Linkage-based genome assembly improvement of oil palm (Elaeis guineensis)

Abstract

Meiotic crossovers in outbred species, such as oil palm (Elaeis guineensis Jacq., 2n = 32) contribute to allelic re-assortment in the genome. Such genetic variation is usually exploited in breeding to combine positive alleles for trait superiority. A good quality reference genome is essential for identifying the genetic factors underlying traits of interest through linkage or association studies. At the moment, an AVROS pisifera genome is publicly available for oil palm. Distribution and frequency of crossovers throughout chromosomes in different origins of oil palm are still unclear.
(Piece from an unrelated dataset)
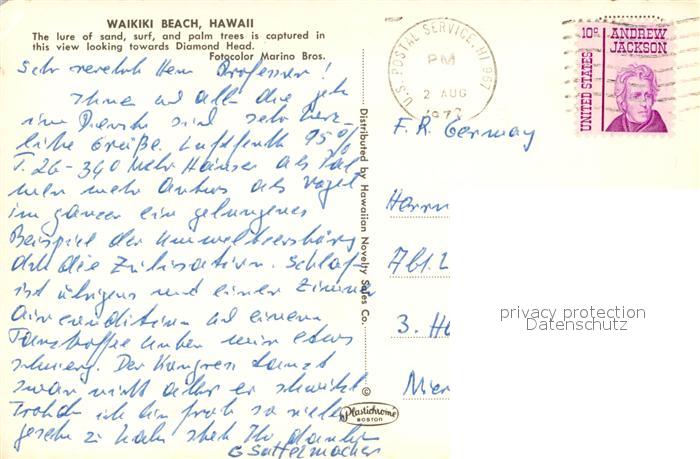 73571602 old postcard Hawaii US-State Waikiki Beach postalisch gelaufen Erhaltung siehe scans [WerneD78] KatCode: 14140130000000

Hence, an ultrahigh-density genomic linkage map of a commercial Deli dura x AVROS pisifera family was constructed using the OP200K SNP array, to evaluate the genetic alignment with the genome assembly. A total of 27,890 linked SNP markers generated a total map length of 1,151.7 cM and an average mapping interval of 0.04 cM. Nineteen linkage groups represented 16 pseudo-chromosomes of oil palm, with 61.7% of the mapped SNPs present in the published genome. Meanwhile, the physical map was also successfully extended from 658 Mb to 969 Mb by assigning unplaced scaffolds to the pseudo-chromosomes. A genic linkage map with major representation of sugar and lipid biosynthesis pathways was subsequently built for future studies on oil related quantitative trait loci (QTL). This study improves the current physical genome of the commercial oil palm, and provides important insights into its recombination landscape, eventually unlocking the full potential genome sequence-enabled biology for oil palm.